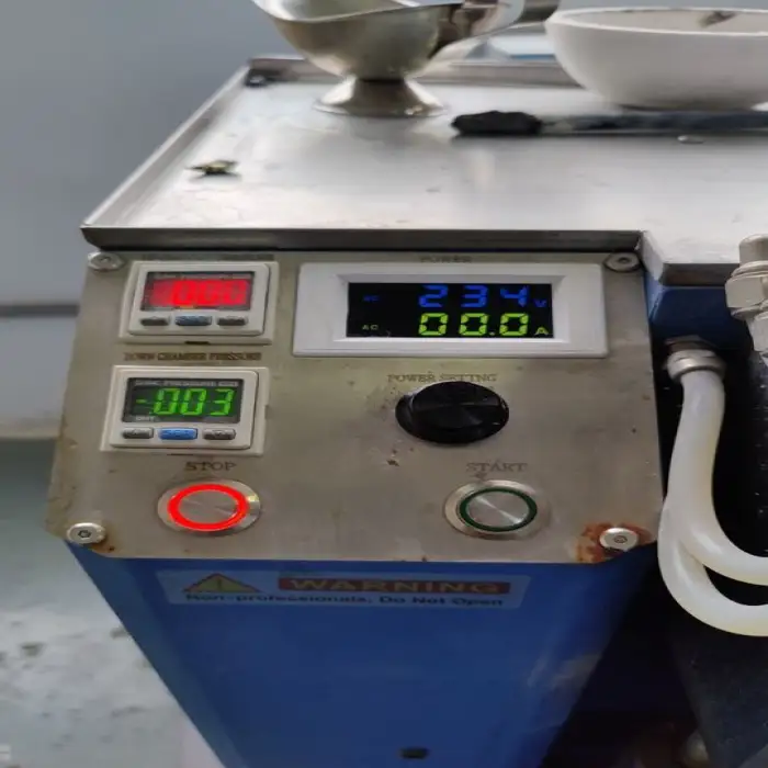 The Mini Automatic Vacuum Casting Machine operates on 220V.
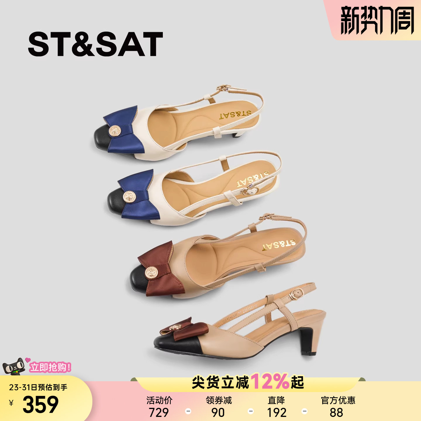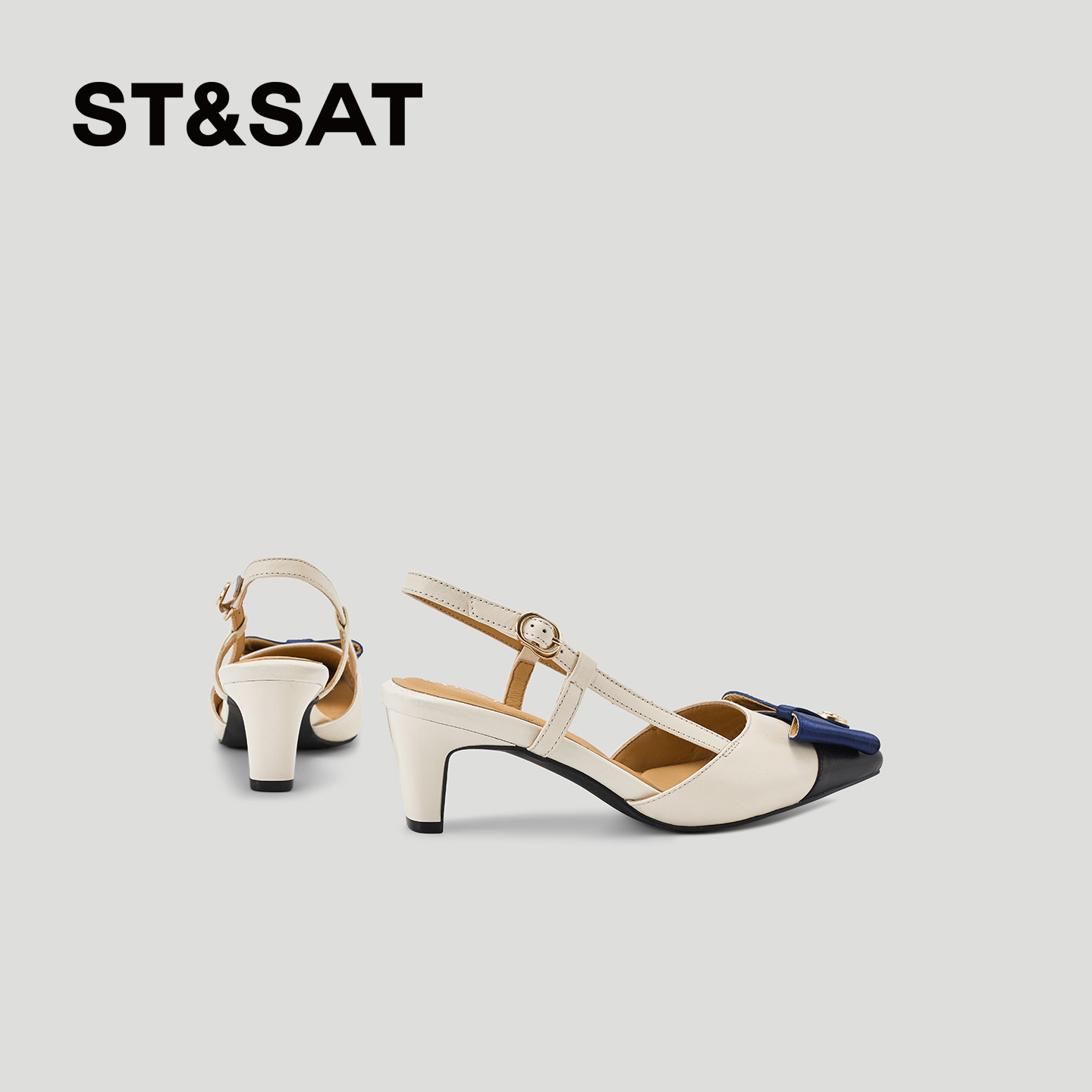 星期六小香风包头凉鞋女真皮拼色蝴蝶结粗跟高跟鞋2026配裙子单鞋
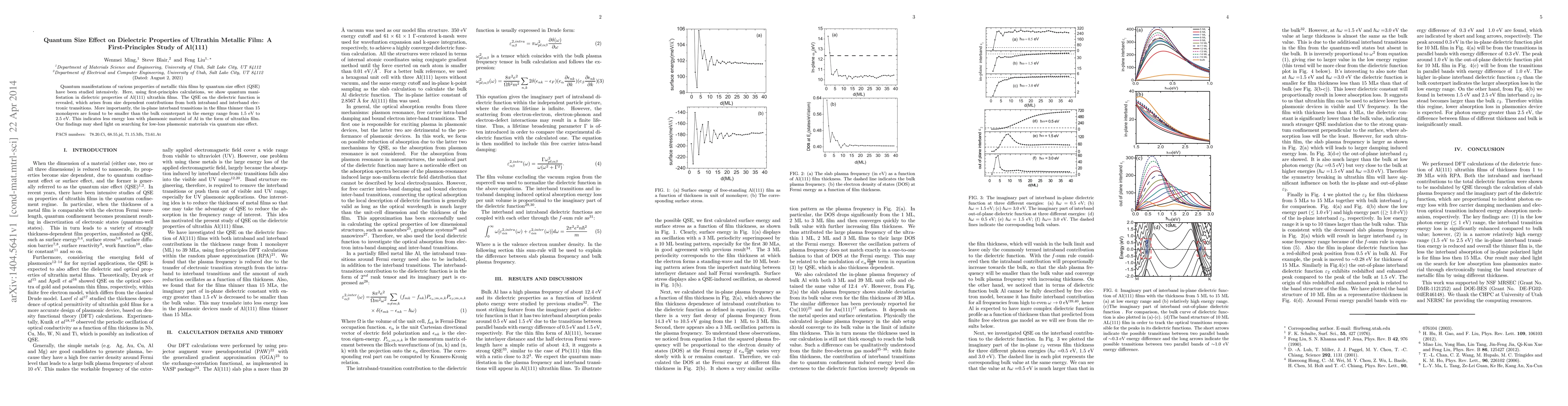 This study uses first-principles calculations to reveal quantum size effects on the dielectric properties of ultrathin Al(111) films, showing that in-plane interband transitions are reduced in films thinner than 15 monolayers, indicating lower energy loss and potential for low-loss plasmonic materials.

[To do]
Drop the pictures, then transcribe the lines from the one containing "星期六小香风包头凉鞋女真皮拼色蝴蝶结粗跟高跟鞋2026配裙子单鞋" to the end of the data above, exactly and nothing more.

[Exercise output]
 星期六小香风包头凉鞋女真皮拼色蝴蝶结粗跟高跟鞋2026配裙子单鞋
 This study uses first-principles calculations to reveal quantum size effects on the dielectric properties of ultrathin Al(111) films, showing that in-plane interband transitions are reduced in films thinner than 15 monolayers, indicating lower energy loss and potential for low-loss plasmonic materials.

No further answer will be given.